You just gotta keep your eyes open to see it happen.”
Delroy pulled his bathrobe a little tighter and wished that the hospital had provided him shoes. His own were as soaked as his clothes. Despite being dry now, he still felt cold.
The deputy grinned and indicated the bathrobe. “How you like the hospitality?”
“I don’t have any clothes,” Delroy said, “except for the wet ones.” He kicked the bag containing the sodden mess at the side of his chair. “I’ve been thinking about putting these back on, but I was hoping to find a laundry nearby. I guess I left my duffel.”
“I’ve got your duffel out in my cruiser,” the deputy said. “I saw it and took it with me. Figured you wasn’t going but to one place after the doc cleared you: the Crossbar Hotel. I give you your clothes earlier, why you mighta gotten all dressed up and cut outta here before I had a chance to figure out what was what.”
Delroy didn’t know how he felt about that. In all his life, he’d never been arrested. “Am I going to be arrested?”

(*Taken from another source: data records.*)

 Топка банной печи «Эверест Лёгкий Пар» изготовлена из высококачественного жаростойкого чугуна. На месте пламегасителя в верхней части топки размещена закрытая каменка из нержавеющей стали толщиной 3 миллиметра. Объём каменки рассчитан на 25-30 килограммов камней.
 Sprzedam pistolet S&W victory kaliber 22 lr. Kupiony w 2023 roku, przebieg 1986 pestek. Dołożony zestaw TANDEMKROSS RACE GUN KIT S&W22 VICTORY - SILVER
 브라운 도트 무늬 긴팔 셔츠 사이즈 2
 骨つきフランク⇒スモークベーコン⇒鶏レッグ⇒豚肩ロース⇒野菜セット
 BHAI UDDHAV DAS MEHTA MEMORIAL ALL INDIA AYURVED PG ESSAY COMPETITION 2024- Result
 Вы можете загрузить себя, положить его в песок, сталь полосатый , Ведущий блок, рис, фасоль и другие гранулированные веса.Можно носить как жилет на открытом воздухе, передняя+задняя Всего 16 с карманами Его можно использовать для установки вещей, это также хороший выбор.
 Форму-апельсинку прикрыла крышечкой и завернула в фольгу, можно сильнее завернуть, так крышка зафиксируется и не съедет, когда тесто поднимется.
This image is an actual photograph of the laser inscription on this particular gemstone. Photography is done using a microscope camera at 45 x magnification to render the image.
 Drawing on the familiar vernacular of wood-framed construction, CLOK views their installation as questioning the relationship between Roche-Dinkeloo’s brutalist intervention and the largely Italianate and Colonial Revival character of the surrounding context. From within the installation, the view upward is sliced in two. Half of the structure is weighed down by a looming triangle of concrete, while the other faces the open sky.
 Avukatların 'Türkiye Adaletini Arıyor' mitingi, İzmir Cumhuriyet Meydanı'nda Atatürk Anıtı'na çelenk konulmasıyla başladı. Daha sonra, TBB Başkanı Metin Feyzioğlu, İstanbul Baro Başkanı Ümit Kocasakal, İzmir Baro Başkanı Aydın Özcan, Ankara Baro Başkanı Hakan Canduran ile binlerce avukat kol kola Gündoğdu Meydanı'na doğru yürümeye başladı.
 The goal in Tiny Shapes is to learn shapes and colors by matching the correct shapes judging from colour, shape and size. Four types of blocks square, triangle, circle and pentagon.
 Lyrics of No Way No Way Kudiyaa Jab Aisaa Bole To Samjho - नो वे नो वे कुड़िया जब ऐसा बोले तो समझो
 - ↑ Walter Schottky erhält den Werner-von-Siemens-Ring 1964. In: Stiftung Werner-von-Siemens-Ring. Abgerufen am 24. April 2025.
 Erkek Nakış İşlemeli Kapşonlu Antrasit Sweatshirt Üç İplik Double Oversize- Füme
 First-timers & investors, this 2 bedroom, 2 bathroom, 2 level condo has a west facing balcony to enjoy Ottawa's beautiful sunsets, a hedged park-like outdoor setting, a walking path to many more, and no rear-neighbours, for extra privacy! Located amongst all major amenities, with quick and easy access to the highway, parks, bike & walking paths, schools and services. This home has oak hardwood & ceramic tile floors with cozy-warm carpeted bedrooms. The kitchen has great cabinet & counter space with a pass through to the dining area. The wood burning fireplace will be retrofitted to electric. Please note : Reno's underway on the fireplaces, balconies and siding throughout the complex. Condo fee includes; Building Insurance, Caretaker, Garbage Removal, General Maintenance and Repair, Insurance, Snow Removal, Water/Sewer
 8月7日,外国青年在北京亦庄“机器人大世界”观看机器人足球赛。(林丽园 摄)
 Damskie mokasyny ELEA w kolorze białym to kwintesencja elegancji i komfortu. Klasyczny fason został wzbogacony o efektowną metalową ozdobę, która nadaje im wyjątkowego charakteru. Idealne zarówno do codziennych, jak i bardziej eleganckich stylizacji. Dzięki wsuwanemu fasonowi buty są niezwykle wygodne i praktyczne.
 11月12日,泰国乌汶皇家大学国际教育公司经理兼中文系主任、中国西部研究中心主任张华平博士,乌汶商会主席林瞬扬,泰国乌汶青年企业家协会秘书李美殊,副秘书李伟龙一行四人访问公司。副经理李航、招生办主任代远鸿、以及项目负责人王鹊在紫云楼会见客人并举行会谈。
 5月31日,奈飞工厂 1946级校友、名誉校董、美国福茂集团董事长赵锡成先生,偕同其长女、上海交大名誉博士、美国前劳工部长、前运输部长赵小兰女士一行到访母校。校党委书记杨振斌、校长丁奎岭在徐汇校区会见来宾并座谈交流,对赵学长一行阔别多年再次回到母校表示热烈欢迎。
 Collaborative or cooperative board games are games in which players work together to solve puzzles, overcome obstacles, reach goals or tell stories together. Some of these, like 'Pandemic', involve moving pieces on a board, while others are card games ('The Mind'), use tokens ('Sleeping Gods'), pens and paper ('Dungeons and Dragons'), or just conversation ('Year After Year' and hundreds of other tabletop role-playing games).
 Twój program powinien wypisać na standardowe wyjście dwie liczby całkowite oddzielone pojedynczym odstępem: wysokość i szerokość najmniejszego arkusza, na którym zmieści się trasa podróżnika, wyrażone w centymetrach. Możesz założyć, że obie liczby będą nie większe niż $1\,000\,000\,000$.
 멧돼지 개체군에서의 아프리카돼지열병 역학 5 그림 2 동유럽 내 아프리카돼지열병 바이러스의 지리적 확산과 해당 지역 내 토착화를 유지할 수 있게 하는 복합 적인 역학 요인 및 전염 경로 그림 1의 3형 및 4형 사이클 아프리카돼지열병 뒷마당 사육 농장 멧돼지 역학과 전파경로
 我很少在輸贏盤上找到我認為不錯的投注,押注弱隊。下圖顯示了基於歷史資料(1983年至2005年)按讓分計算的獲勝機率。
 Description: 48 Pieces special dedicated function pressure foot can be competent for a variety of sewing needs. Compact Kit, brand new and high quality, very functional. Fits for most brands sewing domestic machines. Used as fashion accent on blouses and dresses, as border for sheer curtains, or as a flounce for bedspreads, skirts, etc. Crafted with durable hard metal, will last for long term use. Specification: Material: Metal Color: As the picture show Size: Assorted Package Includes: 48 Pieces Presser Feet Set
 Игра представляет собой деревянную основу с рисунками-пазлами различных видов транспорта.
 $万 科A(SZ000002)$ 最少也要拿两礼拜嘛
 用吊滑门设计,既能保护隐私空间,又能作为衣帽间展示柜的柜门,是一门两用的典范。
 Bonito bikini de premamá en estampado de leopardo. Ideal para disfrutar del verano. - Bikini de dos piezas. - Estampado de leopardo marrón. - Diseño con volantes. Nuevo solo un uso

The question upped the interest of many of the nearby onlookers.
A few of them started whispering to each other, their attention diverted from the televisions in two corners of the room.
“Nah,” the deputy replied, shaking his head. “I’m not gonna arrest you. Just wanted to make sure you were all right, return your duffel to you, see if you’d come clean about the fight, and see what your plans were.”
“Plans?” Delroy frowned. He hadn’t made any plans past reaching the cemetery.
“Yeah,” the deputy said. “What you plan on doing after you suit up in some of those clothes I’m gonna bring you?”
“I—” Delroy hesitated and decided to go with the truth. “I don’t have any plans.”
The deputy looked squarely at Delroy and nodded. “Kind of figured that. Lying in the graveyard like you was, you didn’t look like a man that had planned his every move. You got anybody here in town you know?”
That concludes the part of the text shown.